#### What this task involves
Transcribe word for word each line from the one containing "kinbor盗墓笔记黑金古刀" to the final line of the data, both included. Skip the pictures.

+===+

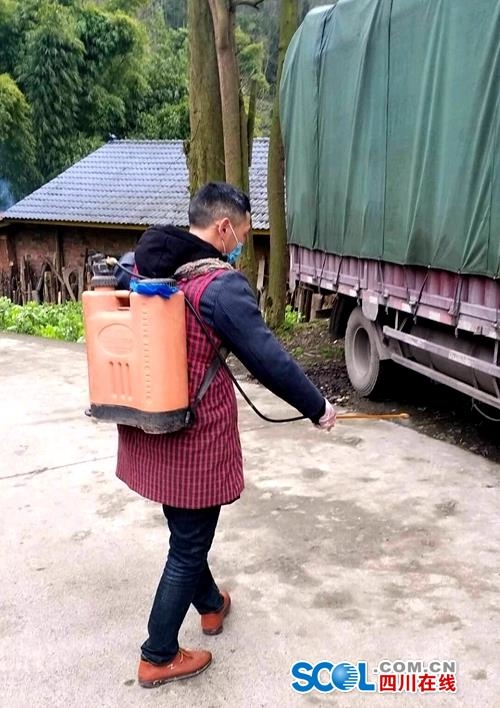 与冉拉史布一样,从江苏务工返乡的贫困户庞华书也留在家中等待复工的通知。“每天坐在家里没事情干,坐久了心里也烦”,2月10日,新场镇庞沟村村委会的工作人员为庞华书带来了一份“家门口”的工作,解决了他的烦恼。那天起,每日带上口罩、穿上雨鞋、背上消毒工具,挨家挨户为村民房前屋后喷洒消毒液成为了他的日常工作。
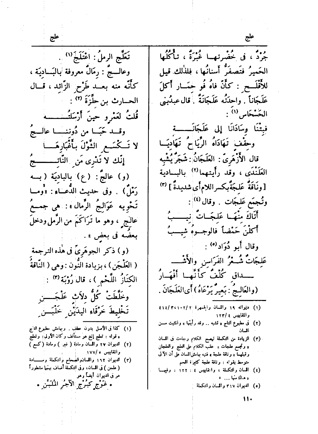 قَالَ الأَزْهَرِيّ: العَلَجَانُ: شَجَرٌ يُشْبِه العَلَنْدَى، وَقد رأَيتهما بالبادية (وناقَةٌ عَلِجَةٌ بِكَسْر اللَّام أَي شديدةٌ) وتُجمَع عَلِجَات. وَقَالَ:
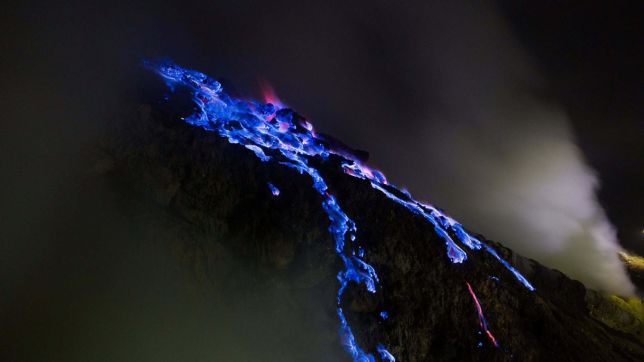 O complexo vulcânico Kawah Ijen, no leste de Java, na Indonésia, atrai visitantes do mundo todo por um fenômeno natural pouco comum: a chamada “lava azul”. O efeito é resultado da queima de gás sulfúrico, que, em contato com o oxigênio e exposto a temperaturas acima de 600?°C, produz chamas de cor intensa.
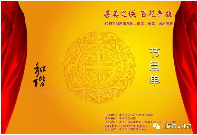 为贯彻落实习近平新时代中国特色社会主义思想和党的十九大精神,庆祝改革开放40周年,弘扬电影天堂 优秀传统文化。8月31日晚,由市文化广电新闻出版局主办,市文化馆承办,市音乐家协会、各县(市、区)文广新局协办的汕尾市群众戏剧曲艺花会暨民歌民乐原创作品展演活动在市马思聪艺术中心举行。
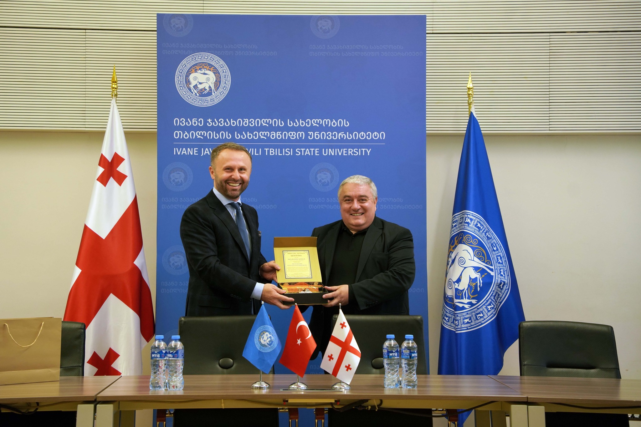 Academician Jaba Samushia, the Rector of Ivane Javakhishvili Tbilisi State University, hosted Yusuf Yilmaz, the Rector of Recep Tayyip Erdoğan University (Rize University) of the Republic of Turkey, and other university representatives.
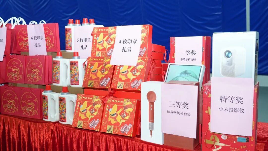 礼品兑换及抽奖区更是将游园会的氛围推向高潮,职工们手持打卡印章,兑换着年味礼盒、办公室四件套等精美实用礼品,每一位参与者都收获满满。
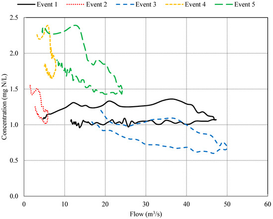 To test whether hysteresis has a strong role in nitrate delivery in the Greensboro watershed, concentrations for each event were plotted against discharge. Figure 6 plots results for five selected storm events (out of 34); the selected events cover the range of monitored storm magnitudes. All events exhibited a form of positive hysteresis effect (clockwise loop), whereby constituent concentrations on the rising limb of a storm hydrograph were higher than those measured at equivalent flows on the falling limb. Data in Figure 6 also demonstrate that the hysteresis loops all tend to fall from top-left to bottom-right, suggesting that there is a dilution of nitrate on the rising limb of each storm event, as discussed by [36].
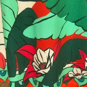 #farmrio #anthropologie #wrapskirt #tropical #botanical #jungle #palmtree #parrot #flowers #peach #pink #blue #orange #elasticwaist #stretchyfabric #resortwear #brunch #travel #vacation #wedding #macaw
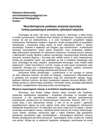 Katarzyna Stachowska [email protected] Uniwersytet Pedagogiczny Kraków Neurobiologiczne podstawy wczesnej stymulacji funkcji poznawczych pokolenia cyfrowych tubylców Zmieniający się świat i styl życia, rozwój medycyny i technologii, a także zmiany w modelu wychowywania i kształcenia dzieci sprawiły, że całościowa i wczesna stymulacja rozwoju nie jest już ewentualnością, a w coraz liczniejszych przypadkach naglącą koniecznością. Współczesne myślenie o diagnozie i terapii wymaga jednak od specjalistów uaktualniania i poszerzania swojej wiedzy na temat najnowszych badań z zakresu neurobiologii. Przewrót w badaniach nad mózgiem, jego mechanizmami i możliwościami stymulacji poszczególnych funkcji ukazał terapeutom nowe perspektywy działania, dając jednocześnie sposobność do realizowania skutecznej i docelowej pomocy dzieciom z zaburzeniami rozwoju. Badania z zakresu neurobiologii i neuropsychologii dowodzą także znaczenia wczesnej diagnozy i stymulacji jako wielkiej szansy w pracy terapeutycznej. Wydaje się szczególnie ważne, aby podkreślać jej rolę w kontekście dzisiejszego stylu życia. Zmieniający się świat, pośpiech, zaawansowane technologie, nowe modele relacji społecznych i metod komunikacji to czynniki, niosące ze sobą ryzyko powstawania wielu problemów. Wynikają one z niedostosowania mózgu do ciągłych, szybkich, ilościowych i jakościowych zmian, jakich wymaga współczesność [Korendo, 2010]. Rozumienie świata zewnętrznego i uczestniczenie w nim wymaga od dziecka nie tylko odbierania bodźców, ale także ich integracji i przetwarzania. Nieprawidłowości w przebiegu tych procesów spowodowane mogą być uszkodzeniem samego mózgu, wadliwym odbiorem bodźców, ale także niewłaściwym wpływem otoczenia [Bitniok, 2007]. Dlatego procesy te, determinujące prawidłowy i harmonijny rozwój, wymagają odpowiedniej stymulacji z uwzględnieniem najnowszej wiedzy neurobiologicznej. Wczesne wspomaganie rozwoju w kontekście współczesnego stylu życia Stymulację, czyli terapię małego dziecka należy rozumieć jako świadome, systemowe oddziaływanie specjalistów i środowiska domowego na wszystkie sfery poznawcze, w celu optymalnego niwelowania skutków zaburzeń spowodowanych uszkodzeniami genetycznymi lub okołoporodowymi [Cieszyńska, Korendo, 2007, s. 15]. Liczba dzieci z tymi zaburzeniami wzrasta. Z roku na rok do poradni i gabinetów specjalistycznych zgłasza się coraz większa liczba dzieci wymagających intensywnych oddziaływań terapeutycznych. W instytucjach tych dzieci mogą liczyć na zajęcia z zakresu wczesnego wspomagania rozwoju, najczęściej jednak dotyczą one rozwoju motorycznego. Liczne metody, narzędzia, scenariusze zajęć z małym dzieckiem dają specjalistom sposobność prowadzenia zajęć usprawniających i pobudzających aktywność ruchową. Niestety zaniedbywana jest sfera poznawcza – spostrzeganie, mowa, uczenie się, myślenie oraz pamięć. Wydaje się, że większość logopedów, pedagogów, psychologów nie potrafi 1 stymulować kompetencji kognitywnych u małych dzieci. Należy jednak podkreślić, że takie programy i narzędzia powstały i pozostają w zasięgu każdego specjalisty. Wychowywanie i rozwój dzieci w XXI w. różni się znacząco od tradycyjnego modelu sprzed ćwierćwiecza. Jednym z powodów przewrotu w relacjach społecznych i kulturowych są zaawansowane technologie. Telefony, smartfony, komputery, tablety, PlayStation, a przede wszystkim telewizja, to media determinujące codzienne życie, mające uprzywilejowane miejsce nie tylko w domu każdej rodziny, ale i w jej harmonogramie dnia. Codzienność współczesnej rodziny badacze porównują do dworca kolejowego: rodzice i dzieci żyją obok siebie, zajęci własnymi sprawami często nie zauważają swojej obecności. Wychodzą i przychodzą niezależnie od siebie o różnych porach. Jedyne chwile, w których są razem – nie licząc przejazdów samochodem – wypełnia nieustannie grający telewizor [Anderson, Wilkins, 2000, s. 30]. Wiek XXI to czas zaawansowanych technologii i ich oddziaływań na użytkowników. Stały kontakt z urządzeniami cyfrowymi pobudza przemiany komórek mózgowych i uwalnianie się neuroprzekaźników, wzmacniając stopniowo nowe szlaki neuronowe w naszych mózgach i osłabiając stare. Wskutek obecnej rewolucji technologicznej mózg zmienia się szybciej niż kiedykolwiek [Small, Vorgan, 2011]. Dlatego trzeba podkreślić, że wspomniana cyfrowa rewolucja przyniosła ze sobą nie tylko zauważalne modyfikacje w relacjach społecznych, ale także w sposobie spędzania wolnego czasu. Technologia zmienia także sposób myślenia, odczuwania, zachowania, a co najbardziej przerażające – wpływa na transformacje w budowie mózgu, modyfikując jednocześnie sposób jego działania. Najbardziej narażone na negatywne konsekwencje zmian w naszej codzienności są dzieci. Przecież ich prawidłowy rozwój poznawczy determinowany jest umiejętnością odbioru bodźców z otoczenia i przystosowaniem ich do własnych potrzeb. Nieprawidłowości w przebiegu tych procesów spowodowane mogą być uszkodzeniem samego mózgu, wadliwym odbiorem bodźców, ale także niewłaściwym wpływem otoczenia [Bitniok, 2007]. W szczególności ostatni wymieniony czynnik wiąże się ściśle z rewolucyjnymi zmianami naszej współczesności. Stąd postulat wczesnej, ukierunkowanej na holistyczny rozwój stymulacji funkcji poznawczych, która daje nadzieję na szybką pomoc nawet najmłodszym dzieciom przejawiającym zaburzenia w rozwoju. Mózgowa organizacja funkcji poznawczych – przetwarzanie bodźców Mózg, zasady jego funkcjonowania i jego wpływ na zachowanie to tematy pasjonujące specjalistów różnych dziedzin, nie tylko zajmujących się szeroko rozumianą neurobiologią. Ustalono, że nawet najprostsze zachowanie wymaga błyskawicznego i zsynchronizowanego działania wielu obszarów mózgu [Wró
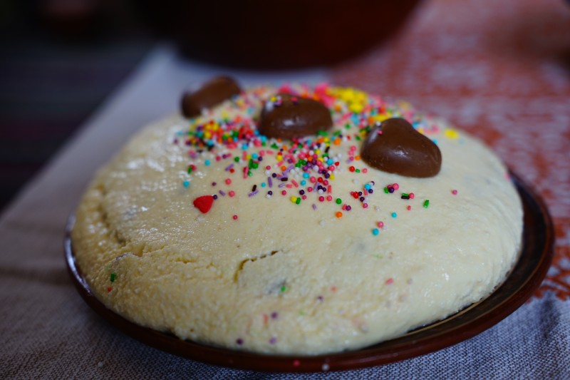 "Вона робиться з сиру, вершкового масла, яєць. Вона не печеться. Вважається, що це заварна паска. Там родзинки. І ось ми це все змішали і на ніч поставили під гніт", — каже господиня.
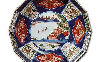 古九谷 染付 楼閣 人物文 八角 手鉢 染付 楼閣 人物文 八角 手鉢Octagonal bowl with handle across mouth, with design of figures inpavilion, blue and ... 2023.09.26 古九谷日本日本の陶滋
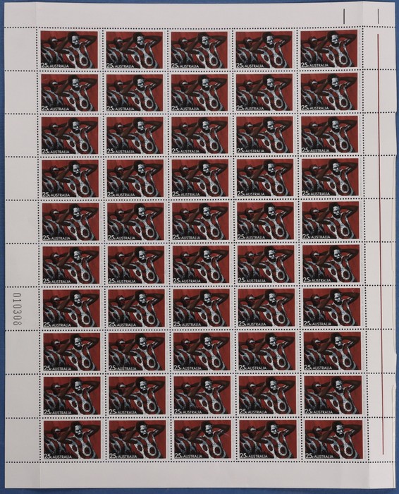 25c Body-Painting cream paper pane of 50 with sheet number at left & ACSC listed varieties '1st A of AUSTRLIA weak' (pos UP 5/3). Fresh MNH. ACSC 564 d za cat $65.
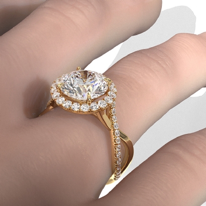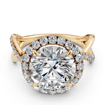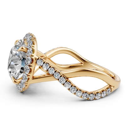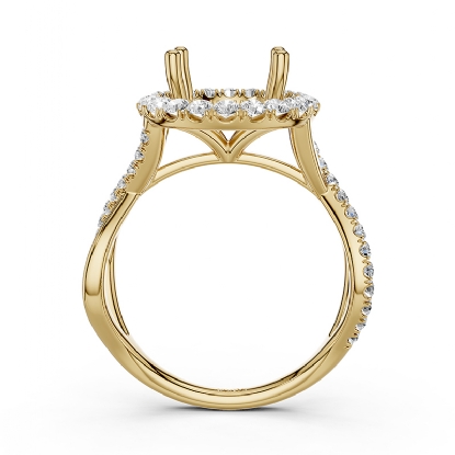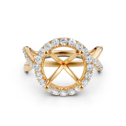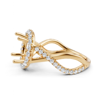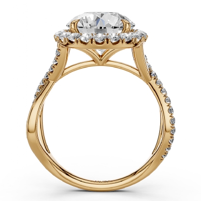 Stunning twisted halo XOXO style french u cut pave round diamond engagement ring handmade in high quality 14k Gold Yellow. This ring showcases brilliant round diamonds in a micro pave setting on halo and french U cut pave on the shank. Also available in your choice of the center diamond and gold metal in 14k & 18k white gold, yellow gold, rose gold, and platinum 950. If you don't find your desired jewelry, please don't hesitate to contact our designer to make your custom jewelry design (0.7Ct. tw.)
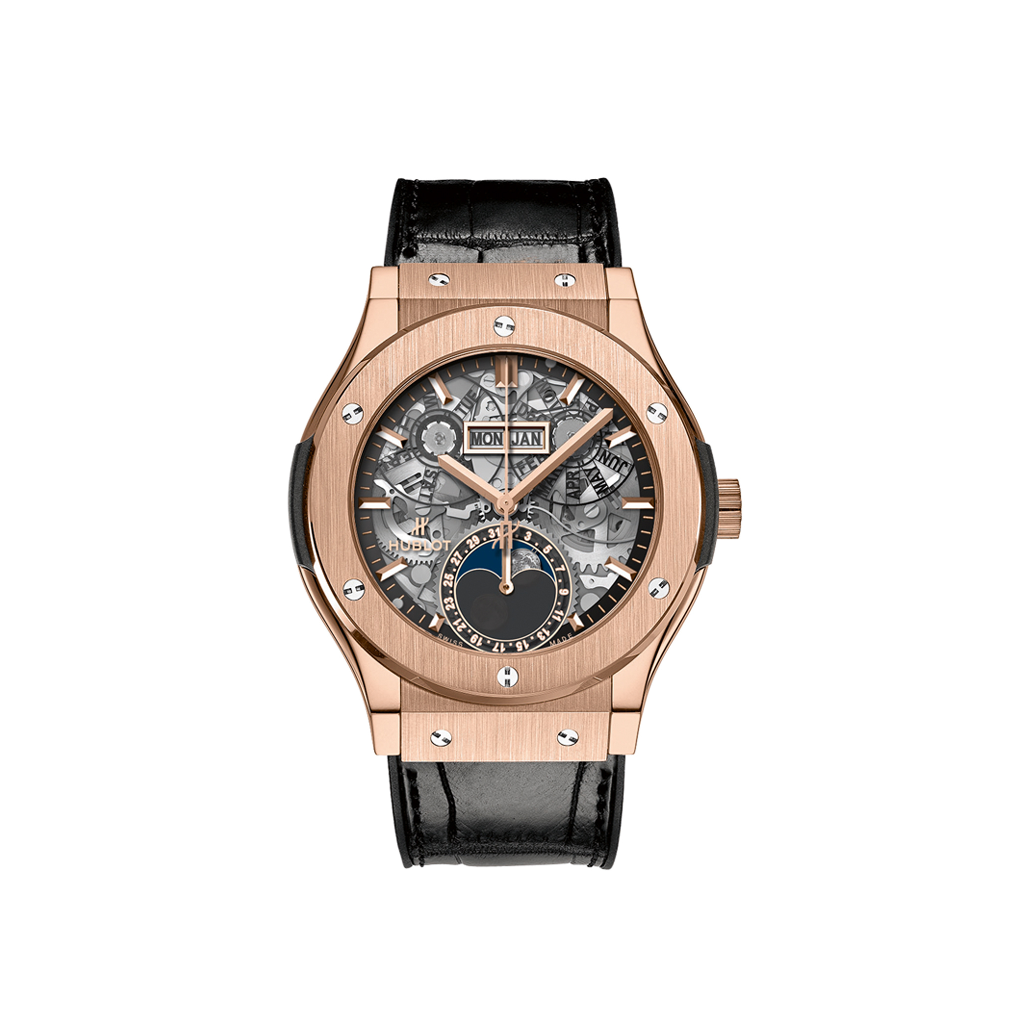 宇舶推出 Aerofusion 月相王金腕表,是经典融合系列的引人注目的延伸。 42 毫米王金表壳的表圈由六颗标志性的 H 形钛螺丝固定。 透明蓝宝石水晶表盘配有镀金贴花和指针,具有星期和月份日历以及月相和日期指示。 HUB 1131自动上链机芯确保42小时动力储存。 黑色橡胶和鳄鱼皮表带增添了点睛之笔。
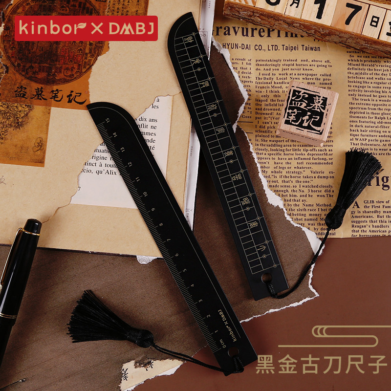 kinbor盗墓笔记黑金古刀尺子张起灵正版周边高颜值学生文具多功能格尺直尺手帐用学生划线尺金属尺15cm作图用
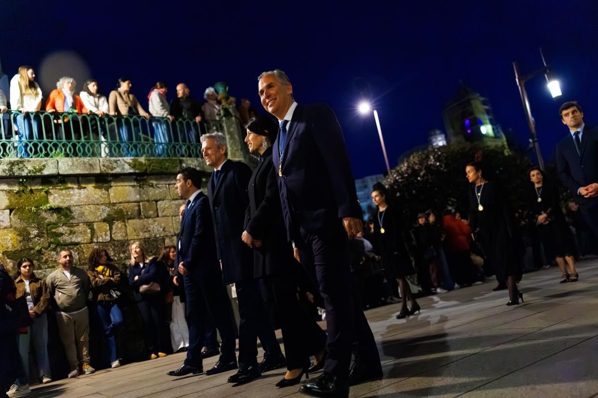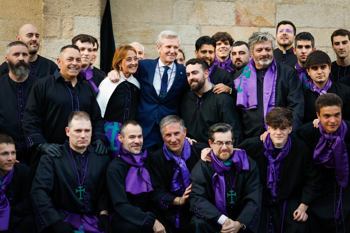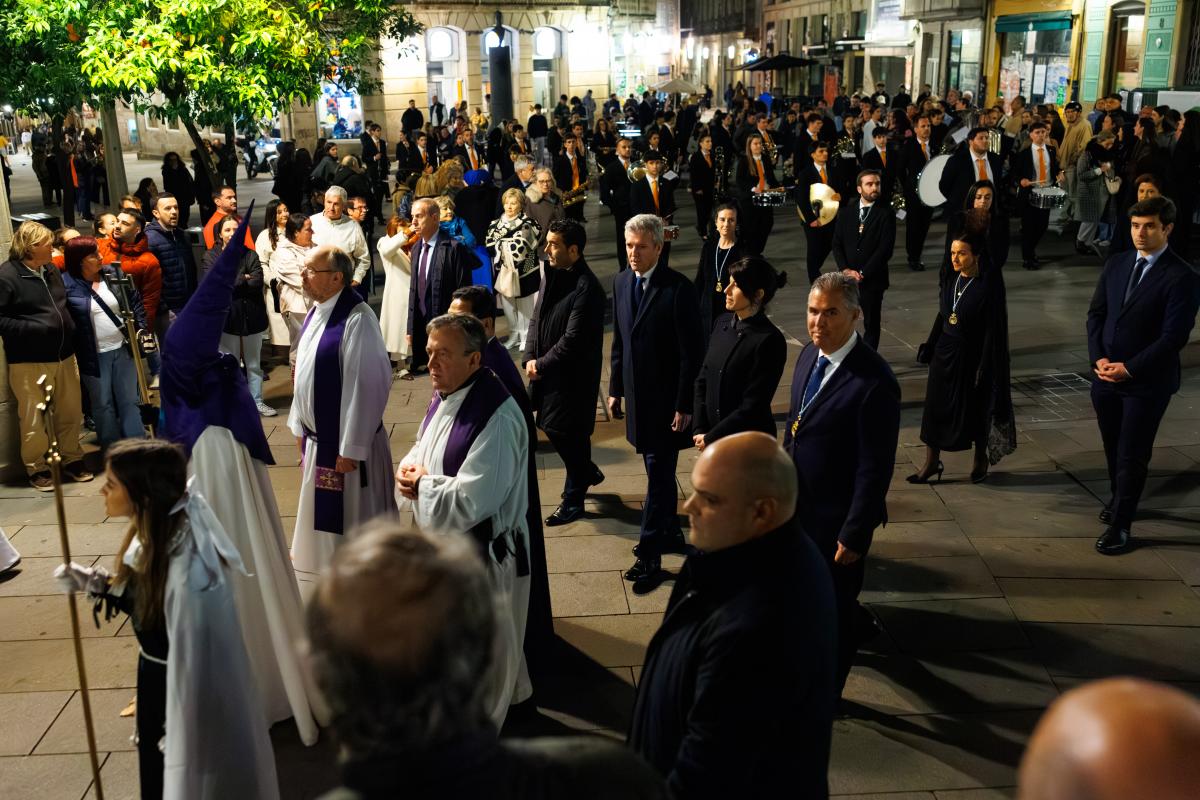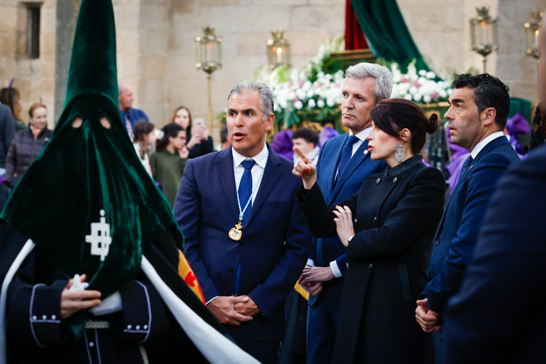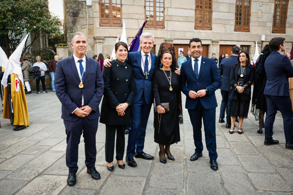 O presidente da Xunta, Alfonso Rueda, acompañado da conselleira de Vivenda e Planificación de Infraestruturas, María Martínez Allegue, participou hoxe na procesión dos Pasos do Xoves Santo que se celebrou na cidade de Pontevedra.

+===+

#### Task answer
 kinbor盗墓笔记黑金古刀尺子张起灵正版周边高颜值学生文具多功能格尺直尺手帐用学生划线尺金属尺15cm作图用
 O presidente da Xunta, Alfonso Rueda, acompañado da conselleira de Vivenda e Planificación de Infraestruturas, María Martínez Allegue, participou hoxe na procesión dos Pasos do Xoves Santo que se celebrou na cidade de Pontevedra.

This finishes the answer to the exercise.